Computer vision and emotional AI
In recent years we have observed an increasing interest, both within academia and within the computer vision industry, in systems for understanding how people feel and how visual information affects our mood and emotions. The line of research of computer vision and emotional AI is focused on creating systems for understanding image that include aspects of emotional intelligence in the process of interpreting the visual information. These systems have many applications. For example, they can be applied to the care and assistance of people, online education, and human-computer interaction.
In this line of research we work with advanced deep-learning techniques. The line of research combines several computer vision topics, such as face analysis, pose and gesture analysis, action recognition, scene recognition, object detection, and object/scene attribute recognition, to extract high-level information from images and videos.
Object recognition in images is still one of the most important research topics in computer vision. Given an image or a video, the goal of object recognition is to recognize and localize all the objects. In the last few years, this topic has experienced an impressive gain in performance with the use of Deep Neural Networks, and big datasets such as ImageNet.
In recent years, end-to-end learning algorithms have revolutionized many areas of research, such as computer vision, natural language processing, gaming and robotics. Deep-learning techniques have achieved the highest levels of success in many of these tasks, given their astonishing capability to model both the features/filters and the classification rule.

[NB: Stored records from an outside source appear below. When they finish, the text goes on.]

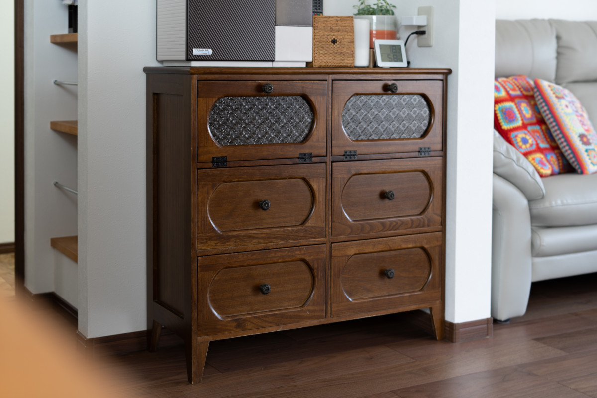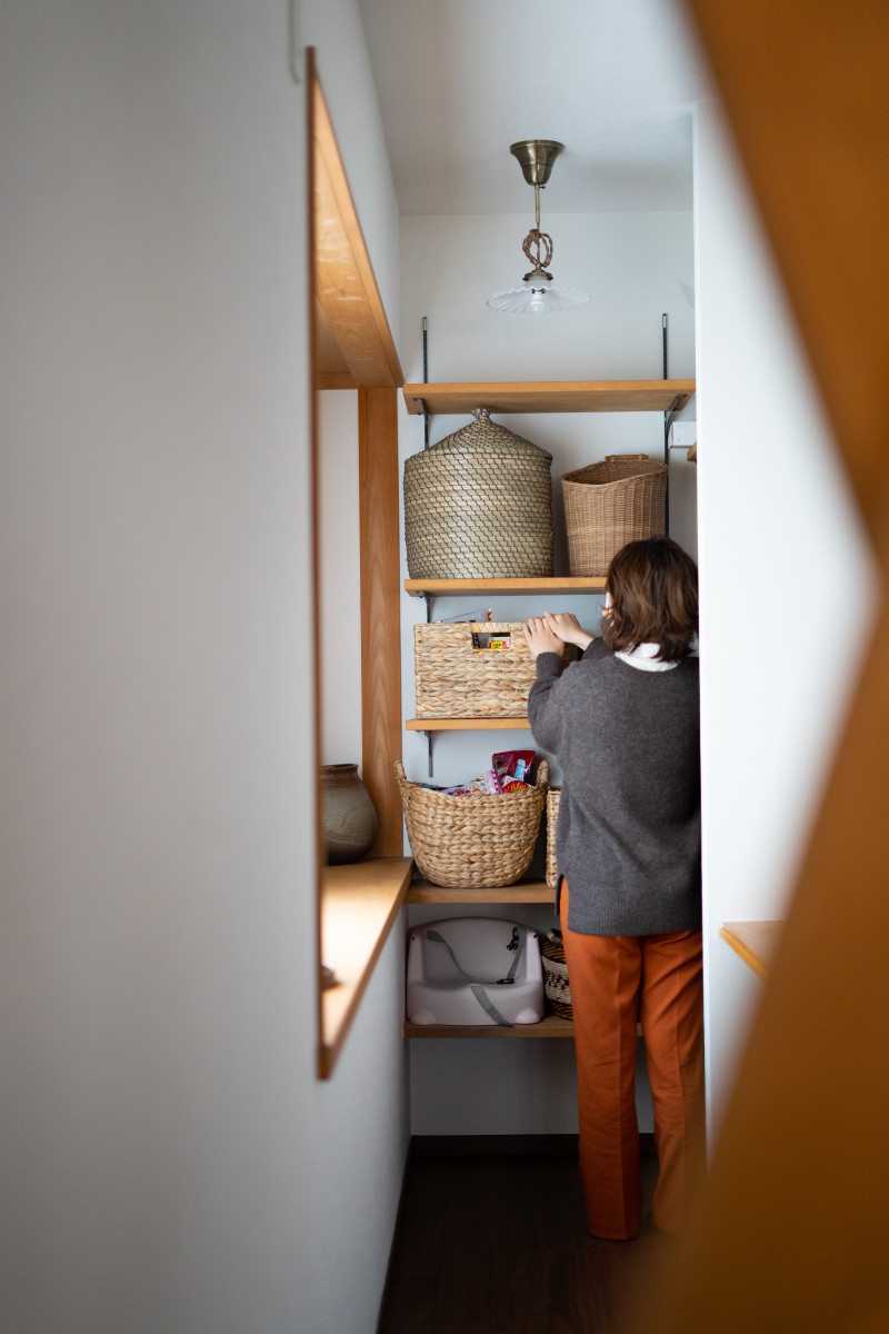 備蓄品も含めて使う物が、使う場所に収納されているのは、生活動線がその部屋の中だけで完結されるので良いですよね。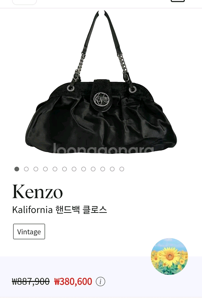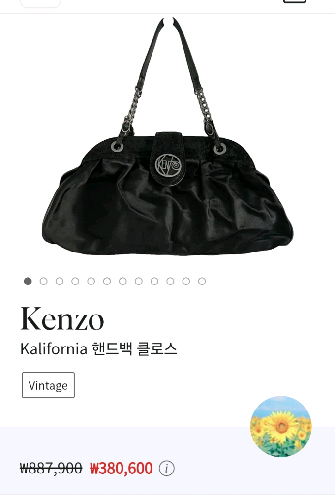 Kenzo Kalifornia 빈티지 체인 핸드백입니다. 이탈리아 피렌체 The Mall 아울렛 Kenzo 매장에서 직접 구매한 정품이에요. 고급스러운 새틴 블랙 소재에 체인 스트랩 포인트가 있어 데일리룩·하객룩·연말룩 어디든 잘 어울립니다. 【상품 정보】 • 컬러: 블랙 • 구성: 본품 단독 • 상태: 전체 양호(자연스러운 사용감) 정가 약 €475 • 더몰 아울렛 구매가 €370 약 64만원 • 현재 리셀 시세 약 ₩380,000 전후 확인됨 → 제 판매가: ₩180,000 약간의 사용감 및 No박스인 관계로 18만원에 드립니다 📦 택배 가능 / 해운대 마린시티 제니스 근처직거래 가능 문의 언제든지 주세요!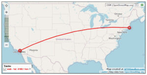 I decided that my solution — as well as those of any challengers — should be expressed in terms of a direct flight from Airport A to Airport B.  This allows the proposed path to be accurately mapped and checked via the website GPS Visualizer.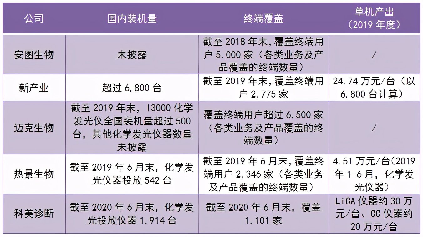 主营业务 科美诊断技术股份有限公司成立于2007年,主要从事临床免疫化学发光诊断检测试剂和仪器的研发、生产和销售。主要产品为基于光激化学发光法的LiCA系列诊断试剂和基于酶促化学发光法的CC系列诊断试剂及仪器。招股说明书显示,科美诊断是国内首个基于“活性氧途径均相化学发光”研究开发化学发光技术并实现产业化的企业。截至2020年7月31日,共拥有178项国内医疗器械注册证书,其中LiCA系列试剂产品注册证49项,CC系列试剂产品注册证58项,其他(主要为生化试剂)产品注册证71项。科美诊断化学发光检测试剂涉及传染病、肿瘤标志物、甲状腺激素、生殖内分泌激素、心肌标志物及炎症等领域,基本覆盖了国内化学发光检测临床使用量较大的主要检测项目。 营业收入与净利润 2017年至2019年,科美诊断营业收入分别为31,860.30万元、36,605.85万元、45,466.65万元,复合增长率19.46%,高于行业平均水平。LiCA系列产品和CC系列产品为公司主要收入来源,占公司销售收入的比重合计超过99%。2017年和2018年净利润大额亏损,分别达到43,522.96万元和42,424.50万元,原因是为充分调动管理层和员工积极性,利于吸引优秀人才、提高凝聚力,科美诊断于2017年度及2018年度分别确认股份支付费用 5.24 亿元和5.20 亿元。 产品结构单一,主要集中于传染病领域。 科美诊断产品注册证主要集中于传染病领域,传染病领域销售收入占比约 90%,传染病外的其他领域(主要包括肿瘤标志物、甲状腺激素、生殖内分泌激素、心肌标志物和炎症等)占比较低。 研发投入逐年递增,研发投入 增长率不及同行业上市企业 截至2020年6月30日,科美诊断拥有研发人员122名,占比21.03%。2017-2019 年研发投入分别为3223.52万元、5091.84万元和5644.90万元,研发投入占比整体营业收入的比例由2017年的10.12%增长至2020年1-6月的14.99%。研发投入逐年递增,研发投入占营业收入的比重总体不断增长。但是,新产业、安图生物、热景生物、迈克生物和迈瑞医疗等IVD企业2019年的研发费用增长率分别达到了42%、47%、58%、29%和16%,而科美诊断仅增长了11%,不及同行业上市公司。 仪器设备采购供应商较为集中 截至2020 年7 月31 日,科美诊断LiCA 系列产品配套的检测仪器LiCA 500 型及LiCA 800 型均由嘉兴凯实独家供应。仪器设备采购相对集中,可能对科美诊断的生产经营产生不利影响。 装机数量和终端覆盖用户数量较少 截至2020年6月末,公司化学发光投放仪器1914台,覆盖1101家终端用户,相较于其他主要竞争对手的国内装机数量和客户覆盖程度仍有一定差距。 注:不同厂商经销与直销占比存在差异,单机产出数值非完全可比。科美诊断单机产出以截至2019年末投放仪器数量和2019年度销售收入计算。 从酶促化学发光到光激化学发光的战略转变 化学发光包含免疫反应(抗原抗体特异性结合)和发光反应两个反应部分,发光反应是化学发光物质经催化剂的催化或氧化剂的氧化等反应过程释放光子,出现发光现象的过程。根据标记物和发光原理的不同,化学发光免疫分析主要可以分为:酶促化学发光、直接化学发光、电化学发光、活性氧途径均相化学发光等。光激化学发光法属于“活性氧途径均相化学发光”。 2016年及以前,科美诊断主要基于酶促化学发光技术平台,2015年10月,公司控股股东CDMC完成对博阳生物境外母公司博阳开曼的收购。2017年1月,公司完成对博阳生物的收购。收购博阳生物后,确立了重点发展LiCA系列产品的发展战略,减少并逐步停止了对CC系列产品的新产品研发和原有产品升级。LiCA系列产品收入从2017年的1.39亿元增长至2019年的2.99亿元,年均复合增长率超过45%。公司 博阳生物: 成立于2005年,主要从事光激化学发光相关产品的研发、生产和销售。2014年8月,CDMC(科美诊断前身-科美生物的原股东)收购Meditech、HDC间接持有的博阳开曼63.84%的股权,2015年10月,CDMC收购ZHAO WEIGUO、WANG CHENGRONG、HE YUAN直接持有的博阳开曼36.16%的股权。上述收购完成后,CDMC持有博阳开曼100%的权益。2017年初,博阳生物由博阳香港100%持股,博阳香港系博阳开曼的全资子公司。2017年1月,博阳香港将博阳生物100%股权转让给科美生物,博阳生物成为科美生物全资子公司。 国内化学发光市场竞争激烈,进口产品占据国内化学发光约80%的市场份额,其中雅培、罗氏、贝克曼及西门子为代表的国际IVD巨头占据了约70%的市场份额。据测算,我国化学发光市场规模在2023 年将达到384 亿元,2029 年将增长至842 亿元。科美诊断的化学发光检测项目收入在2019 年占我国化学发光市场规模的2.15%左右。 化学发光常见应用领域有传染病、肿瘤标志物、生殖内分泌激素、心脏标志物、甲状腺等项目的检测,其中传染病和肿瘤标志物检测市场规模较大,分别占据了约40%、25%的比例。传染病检测规模最大,而肿瘤标志物检测则增速更快。罗氏、雅培、西门子等IVD巨头早年采用酶促化学发光法,此后逐渐选择直接化学发光或电化学发光等化学发光方案。 化学发光行业主流技术路线对比 写在最后 整体来看,科美诊断是行业内少数掌握并应用光激化学发光法的企业,基本覆盖了国内化学发光检测临床使用量较大的主要检测项目,随着在研的LiCA 系列产品陆续获批,公司产品的市场占有率有望进一步提升。另一方面,公司员工激励导至巨额亏损,净利润中税收优惠占比过高,未来业绩持续性难以保证。同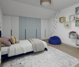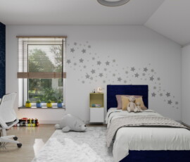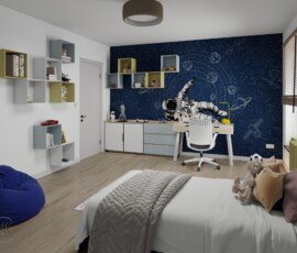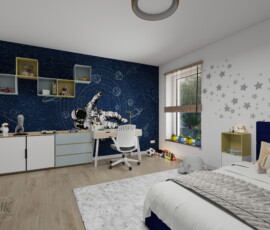Pokój małego odkrywcy kosmosu łączy zabawę, naukę i sen w jednej spójnej przestrzeni. Jasne barwy, granatowe akcenty i motyw kosmosu tworzą wnętrze pełne wyobraźni.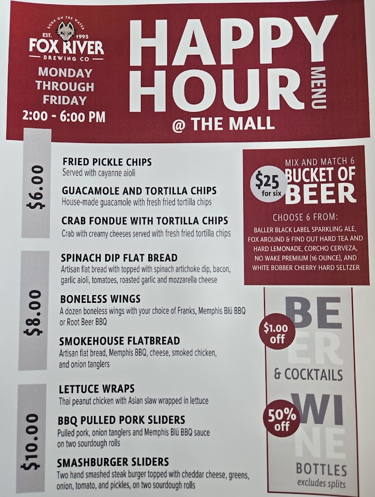 Beer is good. Prices are as expected. It’s nice to have an establishment that serves alcohol in the mall. $14 Cheese curds were overcooked and served to us like they were fine. Nothing like eating breaded nothing… yum. Seriously you can’t see all the cheese exploded out? What a Wisconsin sin.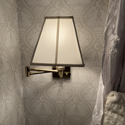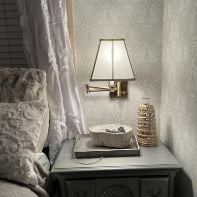 Barnes and Ivy Swing Arm Wall Lamp Antique Brass Plug-In Light Fixture Ivory Fabric Square Shade Bedroom Bedside Reading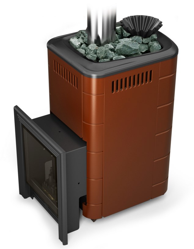 Печь-каменка банная Таймыр 2017 Inox с большим светопрозрачным экраном, с закрытой каменкой, терракота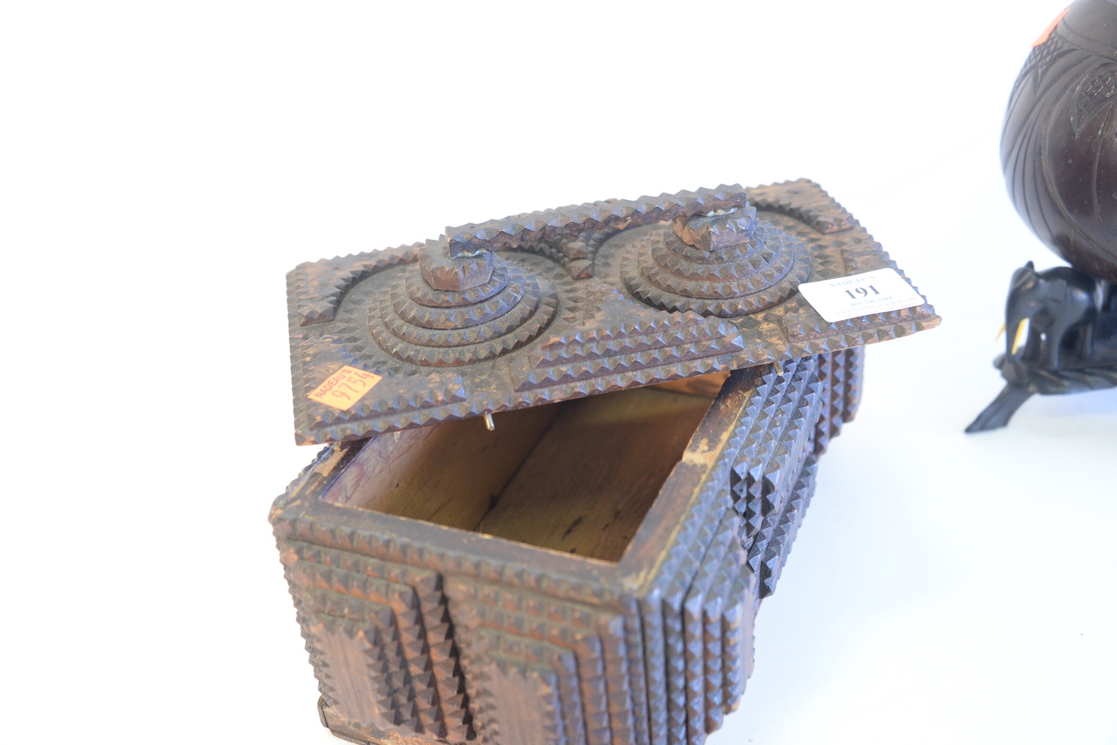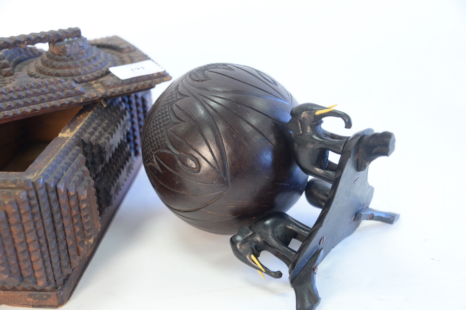 Lot 191: Two piece lot to include a tramp art lidded box with handle, height 5-1/2 inches, along with a Burmese carved coconut bowl with carv…

The algorithms developed in this line of research will focus on enhancing deep-learning architectures and improving their learning capabilities, in terms of invariant (rotation, translation, warping, scaling) feature extraction, computational efficiency and parallelization, speeding up the network learning times, and connecting images to sequences.
These algorithms will be applied to real computer vision problems in the field of neuroscience, in collaboration with the Princeton Neuroscience Institute. These range from detection and tracking of rodents in low resolution videos, image segmentation and limb detection, motion estimation of whiskers using high-speed cameras and in vivo calcium image segmentation of neural network activity in rodents.